NftChain.Ingress	5	Process chain to filter traffic even before prerouting, right after the packet is received by the NIC driver. This hook is available for the NftTable.NetDev family only.

Policy

Name	Value	Description
NftChain.Accept	0
NftChain.Drop	1
NftChain.Queue	2
NftChain.Continue	3
NftChain.Return	4

Priority

This enumeration describes priorities which can be used to order the chains or to put them before or after some Netfilter internal operations.

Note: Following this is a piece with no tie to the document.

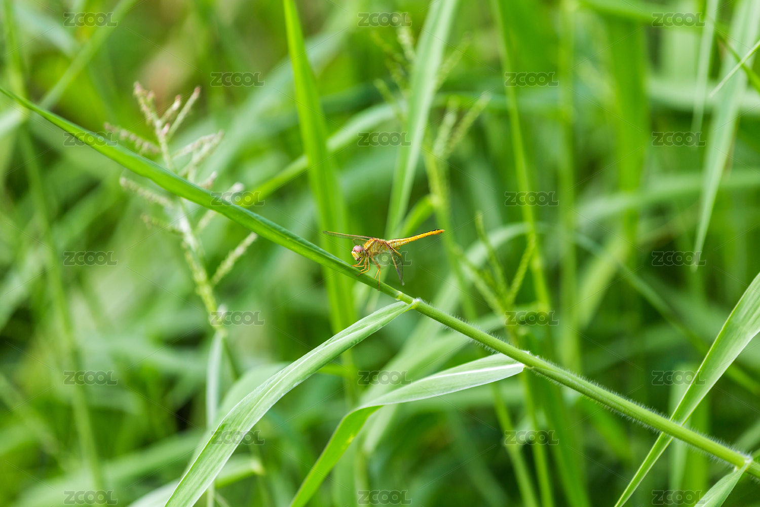 微距拍摄停栖在植物茎秆上的蜻蜓
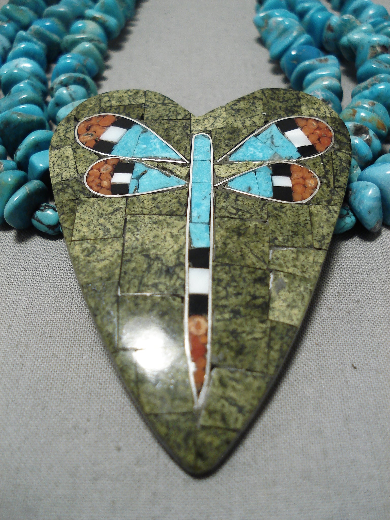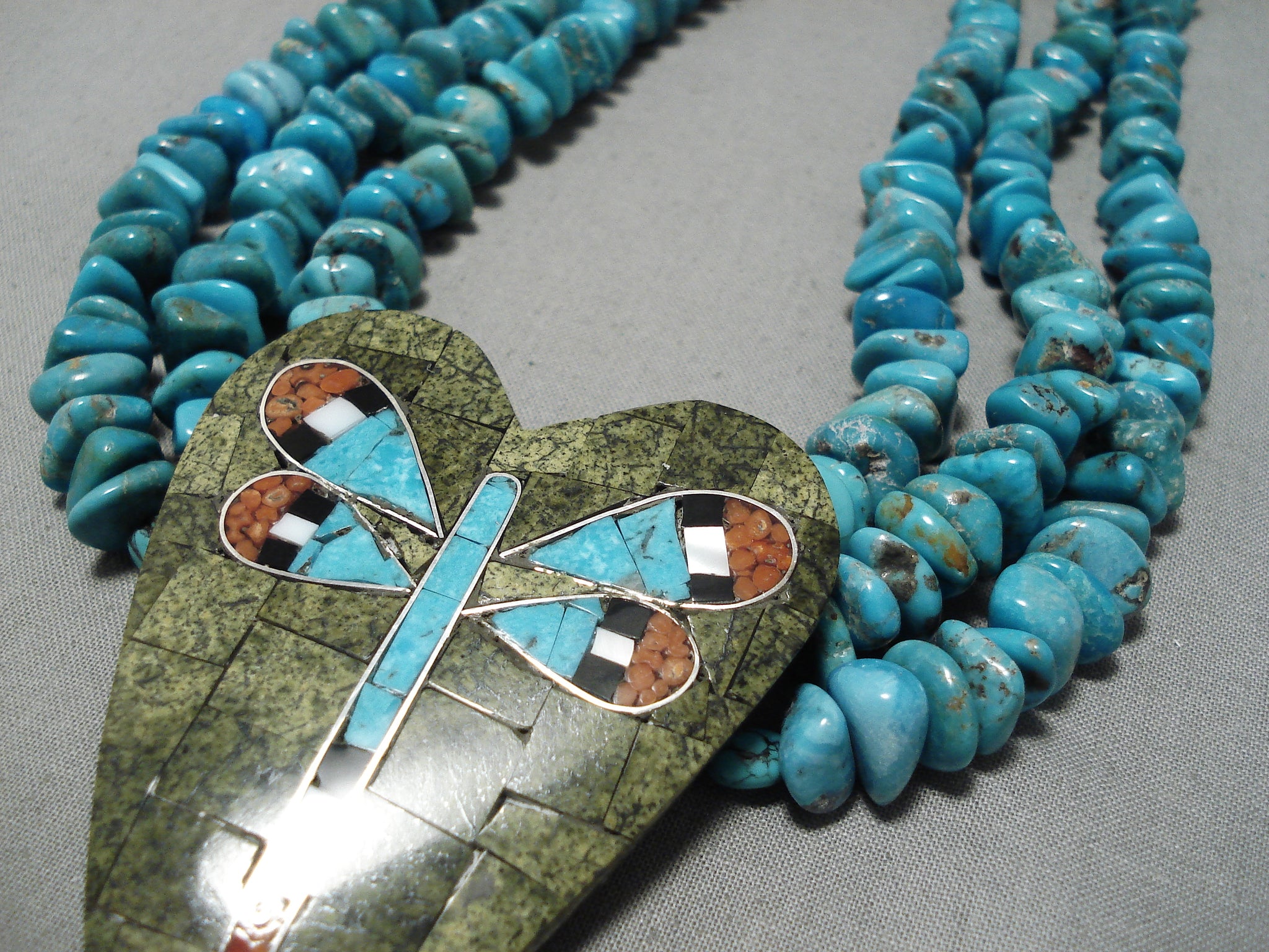 Native American Important Santo Domingo Rosetta Turquoise Inlay Sterling Silver Necklace

For example, a chain on the prerouting hook with the priority -300 will be placed before connection tracking operations.

Name	Value	Description
NftChain.FirstPriority	-2147483648	Highest priority to process the chain before all other chains with lower priorities.
NftChain.ConnTrackDefragPriority	-400	Priority of defragmentation.
NftChain.RawPriority	-300	Traditional priority of the raw table placed before connection tracking operation.
NftChain.SeLinuxFirstPriority	-225	Priority for SELinux operations.
NftChain.ConnTrackPriority	-200	Priority for connection tracking operations.
NftChain.ManglePriority	-150	Priority for mangle operations.
NftChain.DestinationNatPriority	-100	Priority for chains implementing destination NAT.
NftChain.FilterPriority	0	Priority for chains implementing packet filtering operations.
NftChain.SecurityPriority	50	Priority for chains implementing source NAT.
NftChain.SourceNatPriority	100	Place of security table where secmark can be set for example.
NftChain.SeLinuxLastPriority	225	Priority for SELinux at packet exit.
NftChain.ConnTrackHelperPriority	300	Priority for connection tracking at exit.
NftChain.ConnTrackConfirmPriority	2147483646	Priority for connection tracking confirmation operations.
NftChain.LastPriority	2147483647	Lowest priority to process the chain after all other chains with higher priorities.

Type

This enumeration describes supported chain types to implement different kinds of operations.

Name	Value	Description
NftChain.Filter	0	Implement a packet filter chain. This is supported by the NftTable.ARP, NftTable.Bridge, NftTable.IP, NftTable.IP6 and NftTable.INet table families.
NftChain.Rule	1
NftChain.Nat	2	Perform Networking Address Translation (NAT). The first packet that belongs to a flow always hits this chain, follow up packets not. Therefore, never use this chain for filtering. This is supported by the NftTable.IP and NftTable.IP6 table families.

Example

See NftFirewall example on how to use NftChain.